The language reflects what the American diplomat Chris Painter has dubbed “cyber-rattling.” There are countless references to projecting cyber “power” through “force.” It is this tone that makes the plainly ludicrous narrative about nukes in response to hacks seem plausible. And, by contrast, there is very little if anything in the document that recognises the harm ordinary citizens face from malevolent online activity on a daily basis.
So when the new “whole of cyber” strategy emerges, it should be judged against one question: is the UK committed to a safer internet, or does it prioritise taking advantage of internet insecurity in order to project British power?
Tilting towards “militarising” the internet would be a tragic strategic error. It would damage our hard power because open, free, democratic, rule-of-law societies like ours have more to lose from our own cyber insecurities than we have to gain by exploiting those weaknesses in others. It would damage our soft power because it would send a message to the very international partners the Review seeks to embrace that the UK is not interested in helping the world find ways of reaching a peaceful equilibrium in cyberspace.
Bland references in the Review to working with partners towards this sensible outcome will be drowned out abroad by the aggressive briefing and reporting of our enthusiasm to develop, store and use offensive capabilities to project cyber power. That every mention of cyber power is presaged by the word “responsible” doesn’t change that uncomfortable fact; other countries get to decide for themselves whether they see us as “responsible” or not.
The China problem
And this in turn could undermine the crowning achievement elsewhere in the Review: a clear, coherent and courageous strategic policy for British technology to play a leading role in helping the western model prosper in the face of the serious challenge from China. This is much needed. When I was grappling with the contentious issue of Huawei’s involvement in Britain’s 5G networks, I asked a senior adviser in Theresa May’s administration to what extent the government’s strategy had changed from David Cameron’s “Golden Era.” “We still have the same China policy,” came the reply. “We just don’t like it anymore.”
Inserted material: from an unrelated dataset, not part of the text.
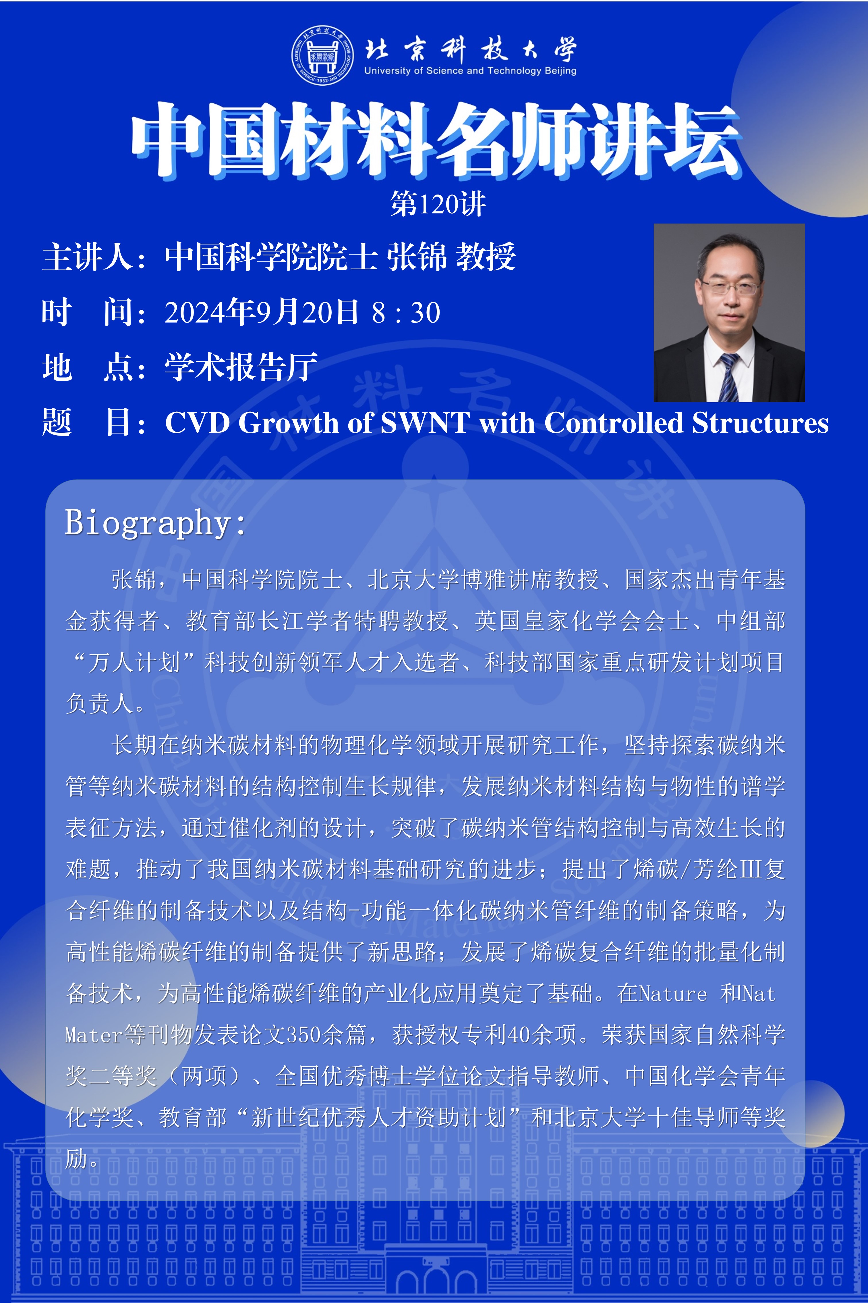 中國材料名師講壇第120講——張錦 院士

To its enormous credit, the government has filled this policy vacuum. It has grasped that the Chinese objective is not to subjugate the west through exports, but to attain global pre-eminence by being technologically stronger. The key, therefore, is to out-compete and out-innovate Chinese tech. That involves investing in our own research, and protecting it against technology transfer. The Review contains sufficient funding, policies and legal changes to achieve this. It is excellent public policy.
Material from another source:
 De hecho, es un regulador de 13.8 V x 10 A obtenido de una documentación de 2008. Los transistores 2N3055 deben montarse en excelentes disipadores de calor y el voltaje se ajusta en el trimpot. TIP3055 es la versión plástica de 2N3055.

There are reasons to be sceptical that the government will be able to follow through with its policy on this front. If it does, it will be the ideal issue on which to find partners for Global Britain on a planet worried about China’s ambitions for tech dominance. But presenting ourselves as, in the words of Harvard professor Jack Goldsmith, the west’s archetypal “fearsome global cyber bully” is unlikely to help in that regard. Countering that impression—and re-affirming ourselves as the good guys of internet security—is the most important thing a new “cyber strategy” can now achieve.